なお、便秘に効く食材に関しては、以下もあわせてご覧ください。
便秘に効く食べ物を紹介!おすすめのメニューやそのほかの改善方法も紹介
規則正しい生活で排便リズムを整える
便秘解消には、生活リズムを整えることも大切です。食事は決まった時間に摂取し、早めの就寝を心がけてください。
生活リズムが安定すれば、排便のリズムも整いやすくなります。とくに、朝食後は腸のぜん動運動が活発になるため、便意がなくてもトイレに行く習慣をつけることで、スムーズに排便しやすいでしょう。
適度な運動を毎日継続する
便秘が起きる原因の1つに腹筋の衰えがあります。人間は便を出すために腹筋を使っていきみますが、筋力が衰えていると排便に必要な力が不足してしまいます。
便秘を解消するには、適度な運動を毎日継続することが大切です。週末や時間のあるときにまとめて長時間運動するのではなく、有酸素運動や腹筋運動を毎日20~30分程度行うことがおすすめです。
なかなか運動の時間が取れない場合は、すき間時間に腰をひねる動作を行ってみてください。

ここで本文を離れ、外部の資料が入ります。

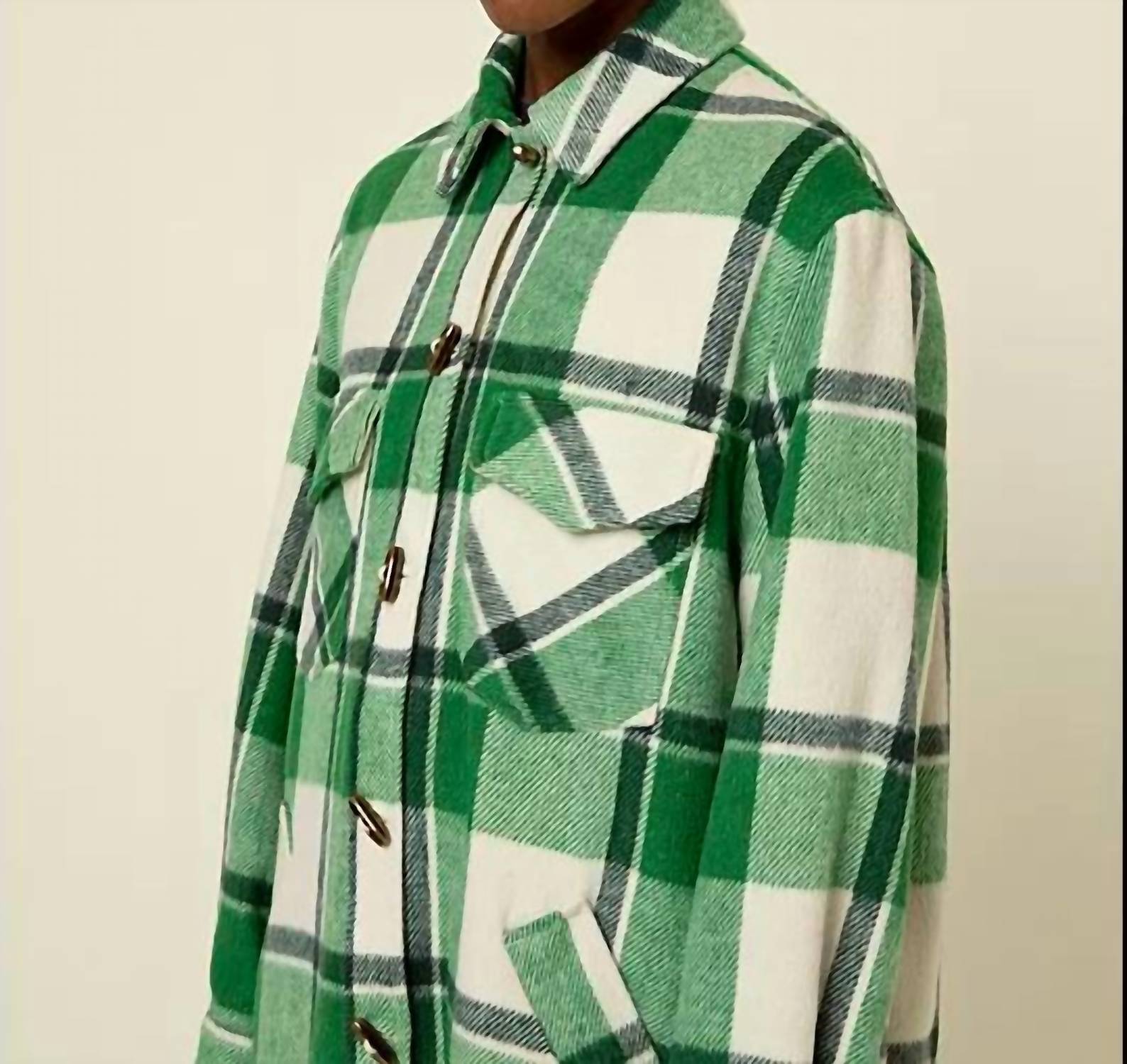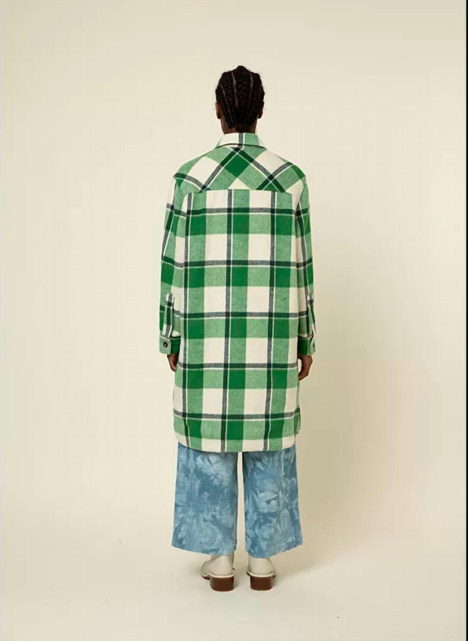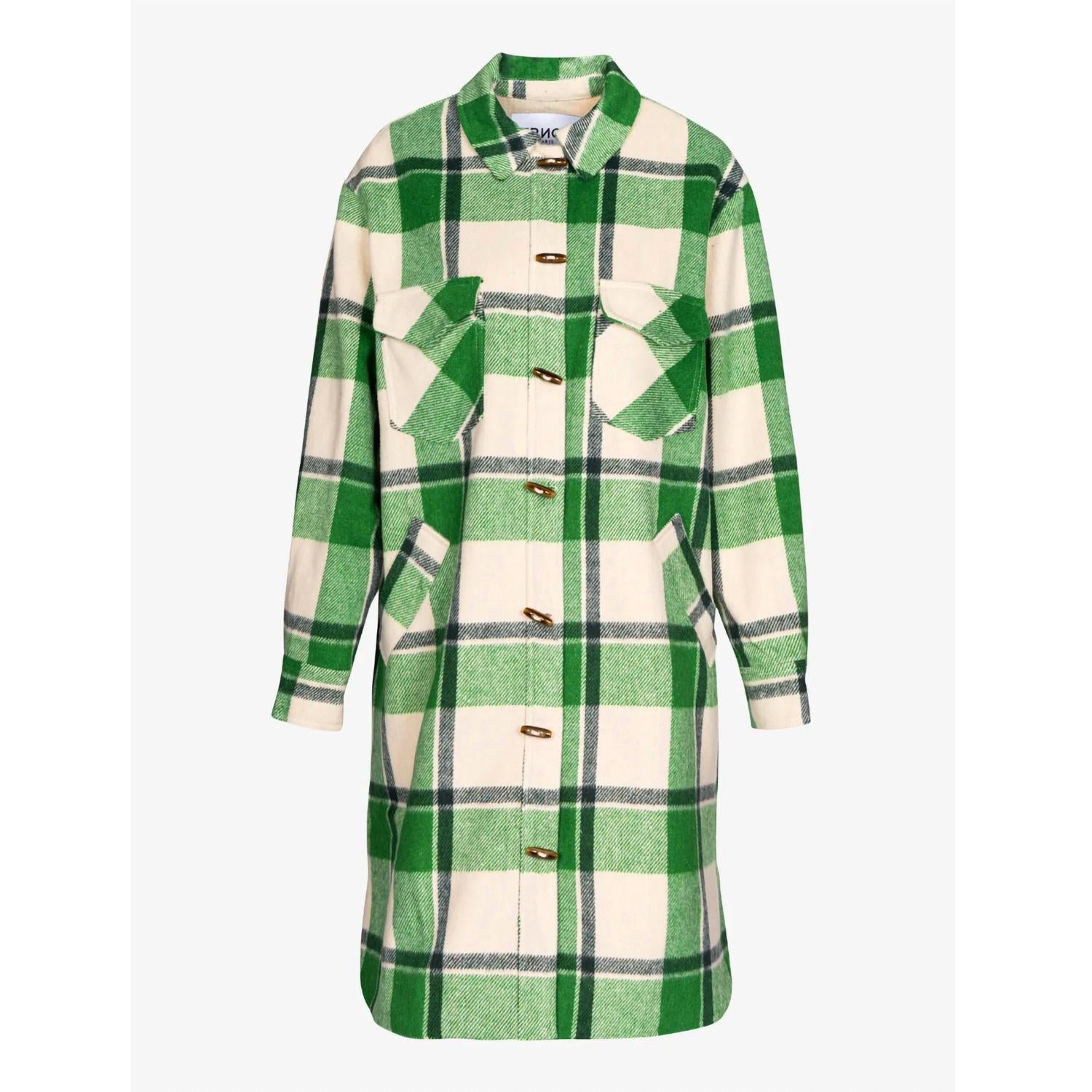 A casual yet cool jacket that every closset needs. Elevate your outerwear collection with the Solar Woven Coat by FRNCH, a chic reinterpretation of the classic trucker jacket in a cozy, longer cut. Crafted from a cotton blend, this plaid and check coat in green boasts long sleeves, a shirt collar, and practical chest and side pockets. It features a button closure and is fully lined, ensuring both style and comfort in cooler weather.

やり方は、足を肩幅程度に開き、肩と腕の力を抜いて腰を左右にひねるだけです。腰をひねることで、腸を刺激し、排便を促す効果が期待できます。
便秘による胃痛は我慢せず医療機関を受診しよう
便秘が原因で胃痛を引き起こすことはあります。しかし、胃痛が生じる病気は便秘以外にも複数あるため、胃痛の原因が便秘かどうかの自己判断は困難です。胃痛がひどい場合や長引く場合は、我慢せず早めに医療機関を受診しましょう。
なお、便秘が続く場合は、腸のマッサージ、酸化マグネシウム便秘薬の服用、浣腸の使用によって、症状が改善する可能性があります。また、生活習慣の改善で便秘を解消できる場合もあるため、ぜひ試してみてください。